|South Staffordshire Water Company v. Sharman
Divisional Court DC
Lord Russell of Killowen C.J. and Wills J.
1896 May 12
LORD RUSSELL of KILLOWEN C.J.
In my opinion, the county court judge was wrong, and his decision must be reversed and judgment entered for the plaintiffs. The case raises an interesting question. The action was brought in detinue to recover the possession of two gold rings from the defendant. The defendant did not deny that he had possession *46 of the rings, but he denied the plaintiffs' title to recover them from him. Under those circumstances the burden of proof is cast upon the plaintiffs to make out that they have, as against the defendant, the right to the possession of the rings.
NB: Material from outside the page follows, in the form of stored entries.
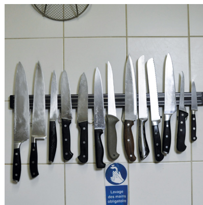
Des couteaux de cuisine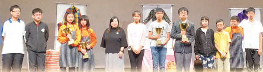
於青年廣場Y綜藝館舉行優勝者演出暨頒獎典禮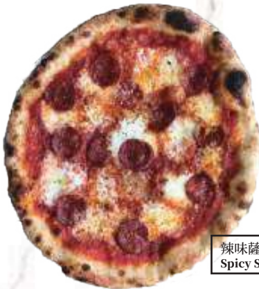
辣味薩拉米披薩 NT$390 Spicy Salami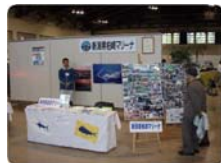
柏崎マリーナのブース前です。釣果写真に足を止める人が多かったようです。

Now, the plaintiffs, under a conveyance from the corporation of Lichfield, are the owners in fee simple of some land on which is situate a pool known as the Minster Pool. For purposes of their own the plaintiffs employed the defendant, among others, to clean out that pool. In the course of that operation several articles of interest were found, and amongst others the two gold rings in question were found by the defendant in the mud at the bottom of the pool.
The plaintiffs are the freeholders of the locus in quo, and as such they have the right to forbid anybody coming on their land or in any way interfering with it. They had the right to say that their pool should be cleaned out in any way that they thought fit, and to direct what should be done with anything found in the pool in the course of such cleaning out. It is no doubt right, as the counsel for the defendant contended, to say that the plaintiffs must shew that they had actual control over the locus in quo and the things in it; but under the circumstances, can it be said that the Minster Pool and whatever might be in that pool were not under the control of the plaintiffs? In my opinion, they were. The case is like the case, of which several illustrations were put in the course of the argument, where an article is found on private property, although the owners of that property are ignorant that it is there. The principle on which this case must be decided, and the distinction which must be drawn between this case and that of Bridges v. Hawkesworth [FN10], is to be found in a passage in Pollock and Wright's Essay on Possession in the Common Law, p. 41:
"The possession of land carries with it in general, by our law, possession of everything which is attached to or under that land, and, in the absence of a better title elsewhere, the right to possess it also. And it makes no difference that the possessor *47 is not aware of the thing's existence. ... It is free to any one who requires a specific intention as part of a de facto possession to treat this as a positive rule of law. But it seems preferable to say that the legal possession rests on a real de facto possession constituted by the occupier's general power and intent to exclude unauthorized interference."
FN10 21 L. J. (Q.B.) 75.
That is the ground on which I prefer to base my judgment. There is a broad distinction between this case and those cited from Blackstone. Those were cases in which a thing was cast into a public place or into the sea--into a place, in fact, of which it could not be said that any one had a real de facto possession, or a general power and intent to exclude unauthorized interference.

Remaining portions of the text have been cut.